Vraag 1a: De leden van de VVD-fractie overwegen dat inderdaad de definitie van ernstig verkeersslachtoffer per land niet gelijk zal zijn. Zij merken op dat dit o verigens ook geldt voor de definitie van dodelijke slachtoffers. Daarbij telt men immers veelal ook die slachtoffers mee, die na het ongeval binnen een bepaalde tijdsperiode alsnog overlijden. Het zal toch mogelijk zijn om geleidelijk tot een zelfde definitie te komen, waardoor de gegevens allengs uniformer en betrouwbaarder worden, zo vragen deze leden.

Vraag 1b: De leden van de fractie van de VVD achten deze centrale doelstelling het meest principiële punt in de mededeling. Natuurlijk zijn de scores per land sterk verschillend en ook de mogelijkheden om de onveiligheid sterk te beperken. Daarom achten deze leden het essentieel dat de gemiddelde doelstelling van halvering wordt omgezet in een doelstelling per land. Zo is meteen glashelder wie wat moet doen. Deze leden achten een gemiddelde Europese doelstelling onwerkbaar en ook principieel onjuist. Deze leden verzoeken om een heldere reactie van de regering op dit punt. Wat is het oordeel van de regering hierover?

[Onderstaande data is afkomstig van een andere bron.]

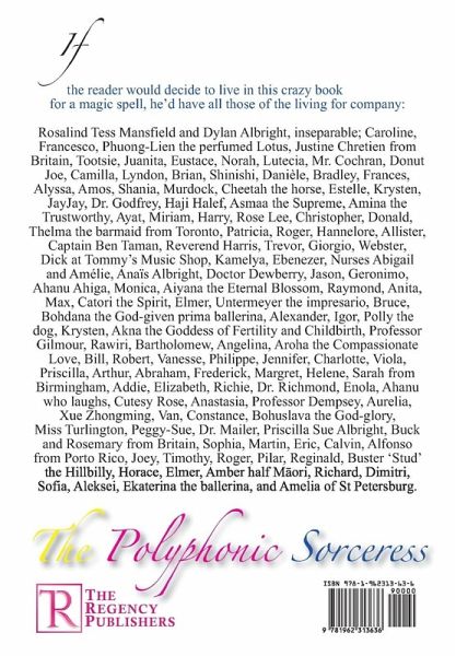 If the reader would decide to live in this crazy book for a magic spell, he'd have all those of the living for company: Rosalind Tess Mansfield and Dylan Albright, inseparable; Caroline, Francesco, Miles the villainous charmer, Justine from Britain, Tootsie, Juanita from Puerto Rico, Eustace, Norah, Lutecia, Mister Cochran, Donut Joe, Camilla, Lyndon, Brian, Shinishi, Daniéle from Marseille, Bradley, Frances, Alyssa, Amos, Shania, Murdock, Cheetah the horse, Estelle, Krysten, Guitar JayJay, Dr. Godfrey, Haji Halef, Asmaa the supreme, Amina the Trustworthy, Ayat, Miriam, Harry, Rose Lee, Christopher, Donald, Canadian Thelma, Patricia, Roger, Hannelore, Allister, Captain Ben Taman, Reverend Harris, Trevor, Giorgio, Webster, salesman Dick, Kamelya, Ebenezer, Monica, nurses Abigail and Amélie, wee Anaïs, Doctor Dewberry, Jason, Geronimo, Ahanu Ahiga, Aiyana the Eternal Blossom, Raymond, Anita, Max, Catori the Spirit, Elmer, Untermeyer, the impresario, Bruce, Bohdana prima ballerina, Alexander, Igor, Polly the dog, Krysten, Akna the Goddess of Fertility and Childbirth, Professor Gilmour, Rawiri, Bartholomew, Angelina, Aroha the Compassionate Love, Bill, Robert, Vanesse, Philippe, Jennifer lifeless temptress, Charlotte, Viola, Priscilla, Arthur, Abraham, Frederick, Margret, Helene, Sarah from Birmingham, Addie, Elizabeth, Richie, Doctor Richmond, Enola, laughing Ahanu, Cutesy Rose, Anastasia, Professor Dempsey, Aurelia, Xue Zhongming, Van, Constance, Bohuslava the God-glory, Miss Turlington, Peggy-Sue, Doctor Mailer, Priscilla Sue Albright, Buck and Rosemary the Brits, Sophia, Martin, Eric, Calvin, Alfonso from San Juan, Joey, Timothy, Roger, Pilar, Reginald, Buster 'Stud' the Hillbilly, Horace, Elmer, Amber half M¿ori, Richard, Dimitri, Sofia, Aleksei, Ekaterina the Ukranian ballerina; and Amelia of Saint Petersburg...

Vraag 2 en 3: In het antwoord treft de leden van de VVD-fractie dat grote onderlinge verschillen in eisen aan de weginrichting acceptabel worden geacht vanwege de kosten en de lokale verschillen. Is het toch niet effectiever om zwaarder te tillen aan de verkeersveiligheidseisen? Een goed voorbeeld vormen rotondes waar Europabreed een redelijke mate van uniformiteit tot stand is gebracht als het gaat om vormgeving en functioneren. Het is toch gewenst om dit ook voor andere belangrijke onderwerpen te bevorderen, bijvoorbeeld de vormgeving van op- en afritten van snelwegen, waar nog veel onderlinge verschillen aanwezig zijn, juist ook ten aanzien van de veiligheid? Waarom wordt niet meer gewicht toegekend aan uniforme weginrichting zeker bij het netwerk van Europese wegen? Wat is het oordeel van de regering hierover?

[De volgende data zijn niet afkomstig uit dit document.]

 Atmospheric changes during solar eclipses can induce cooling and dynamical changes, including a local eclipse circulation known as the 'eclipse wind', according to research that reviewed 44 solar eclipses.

Vraag 9, 10 en 11: In de antwoorden valt de leden van de VVD-fractie een zekere gelatenheid op als het gaat om overtredingen en beboeting van buitenlands gekentekende auto's en de samenwerking over landsgrenzen heen om (ernstige) overtredingen te beboeten. Met Duitsland, België en Zwitserland schijnt de samenwerking wel goed te zijn, zo constateren deze leden.

Weliswaar worden in de antwoorden enkele cijfers gegeven, maar er ontstaat geen compleet beeld. Daarom stellen de leden van de VVD-fractie de volgende concrete vragen, die zij graag beantwoord zouden zien:

  • Kunnen deze leden een helder overzicht ontvangen van vastgestelde ernstige overtredingen naar land van het voertuigkenteken, en in relatie tot de uitgedeelde en werkelijk ontvangen boetes?

  • Kunnen deze leden een overzicht ontvangen van in het buitenland geregistreerde overtredingen van Nederlandse kentekens, en de daarbij in het geding zijnde boetes, en de inbaarheid daarvan?

  • Hoe worden bij vrachtwagencombinaties de overtredingen en boetes geregistreerd in die gevallen dat truck e n oplegger/aanhanger kentekens uit verschillende landen voeren?

  • Voor het geval bij de overtreding in Nederland sprake is van feitelijke aanhouding: om hoeveel aanhoudingen gaat het dan en om welk totaal boetebedrag? Welk deel daarvan is inderdaad geïnd? Kunnen deze cijfers worden geleverd voor kentekens uit Nederland en voor kentekens uit andere landen, gerubriceerd per land?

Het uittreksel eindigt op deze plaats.